▸ **Requirement**
Restate verbatim the span of lines below between the line with "Know exactly where" and the line with "Il collegamento tra", including those two lines, and only that span.

▸ **Dataset entries**

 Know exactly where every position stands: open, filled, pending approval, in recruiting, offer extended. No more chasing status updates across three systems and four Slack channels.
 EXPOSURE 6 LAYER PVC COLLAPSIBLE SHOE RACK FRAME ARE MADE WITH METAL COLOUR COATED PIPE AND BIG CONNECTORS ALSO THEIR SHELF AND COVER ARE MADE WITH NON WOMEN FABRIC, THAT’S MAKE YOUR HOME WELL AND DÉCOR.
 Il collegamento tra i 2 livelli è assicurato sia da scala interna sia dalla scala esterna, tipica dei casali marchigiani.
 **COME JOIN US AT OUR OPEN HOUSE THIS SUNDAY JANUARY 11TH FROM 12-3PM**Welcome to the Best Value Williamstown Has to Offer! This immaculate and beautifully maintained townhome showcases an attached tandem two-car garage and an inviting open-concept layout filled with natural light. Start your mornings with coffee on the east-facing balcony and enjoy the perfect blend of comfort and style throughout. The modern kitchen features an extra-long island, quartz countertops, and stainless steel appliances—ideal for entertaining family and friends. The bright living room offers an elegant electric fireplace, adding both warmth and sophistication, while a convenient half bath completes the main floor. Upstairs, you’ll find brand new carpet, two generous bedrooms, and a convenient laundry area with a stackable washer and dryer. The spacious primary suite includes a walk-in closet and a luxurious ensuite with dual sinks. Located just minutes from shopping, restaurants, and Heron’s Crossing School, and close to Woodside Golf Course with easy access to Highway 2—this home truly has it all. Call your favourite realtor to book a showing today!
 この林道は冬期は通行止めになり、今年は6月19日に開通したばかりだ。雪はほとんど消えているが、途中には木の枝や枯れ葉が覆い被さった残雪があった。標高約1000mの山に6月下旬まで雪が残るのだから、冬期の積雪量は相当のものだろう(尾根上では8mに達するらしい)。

...

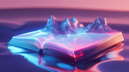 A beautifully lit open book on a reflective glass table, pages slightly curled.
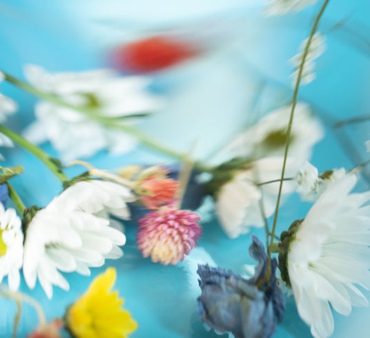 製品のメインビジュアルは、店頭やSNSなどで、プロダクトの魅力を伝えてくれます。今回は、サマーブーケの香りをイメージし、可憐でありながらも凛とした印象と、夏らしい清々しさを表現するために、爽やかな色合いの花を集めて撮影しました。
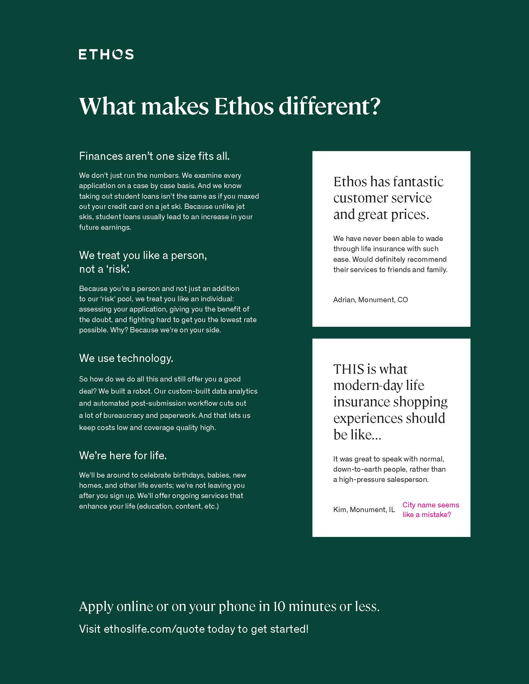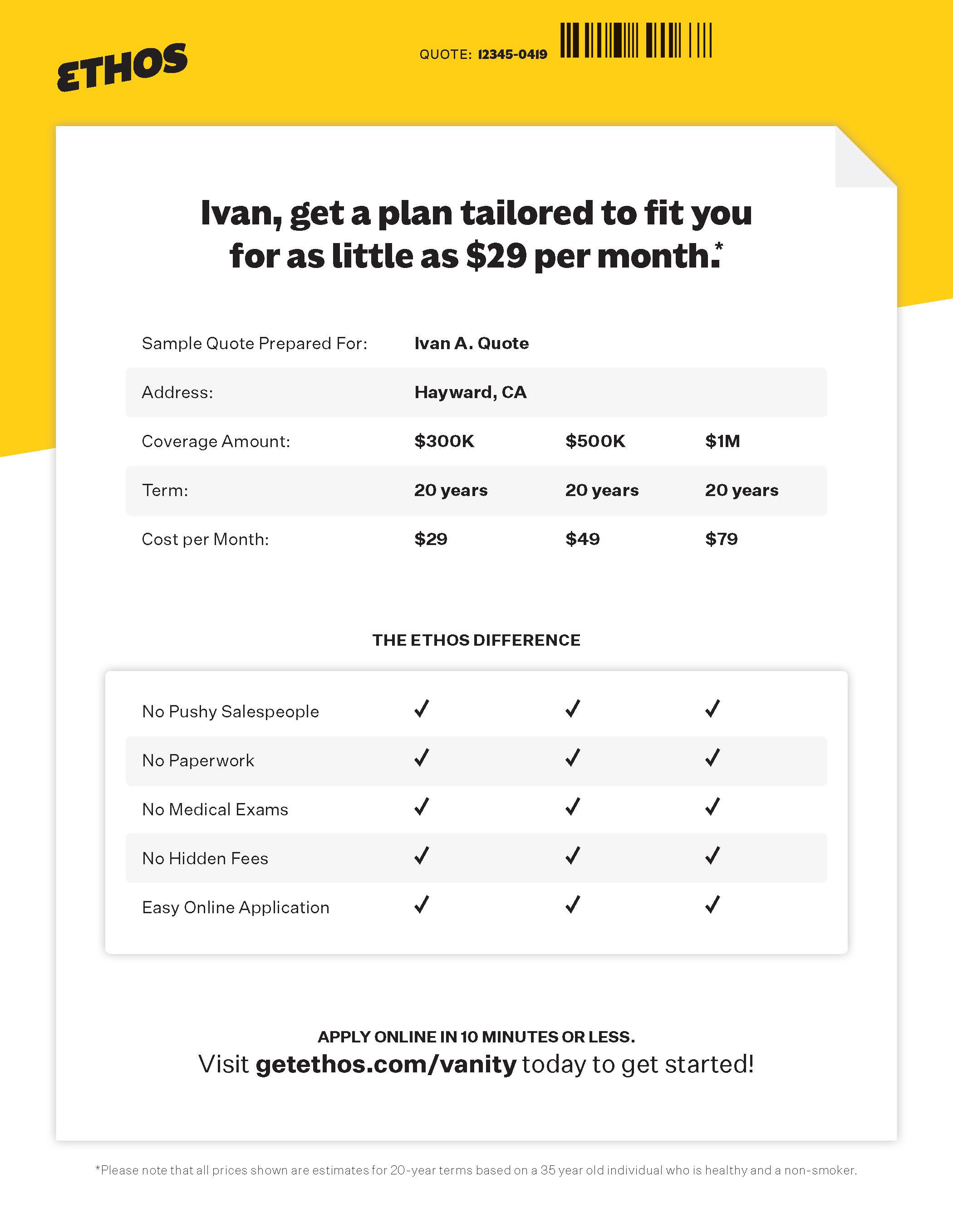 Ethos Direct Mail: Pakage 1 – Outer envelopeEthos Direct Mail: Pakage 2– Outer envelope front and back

▸ **Result for this exercise**
 Know exactly where every position stands: open, filled, pending approval, in recruiting, offer extended. No more chasing status updates across three systems and four Slack channels.
 EXPOSURE 6 LAYER PVC COLLAPSIBLE SHOE RACK FRAME ARE MADE WITH METAL COLOUR COATED PIPE AND BIG CONNECTORS ALSO THEIR SHELF AND COVER ARE MADE WITH NON WOMEN FABRIC, THAT’S MAKE YOUR HOME WELL AND DÉCOR.
 Il collegamento tra i 2 livelli è assicurato sia da scala interna sia dalla scala esterna, tipica dei casali marchigiani.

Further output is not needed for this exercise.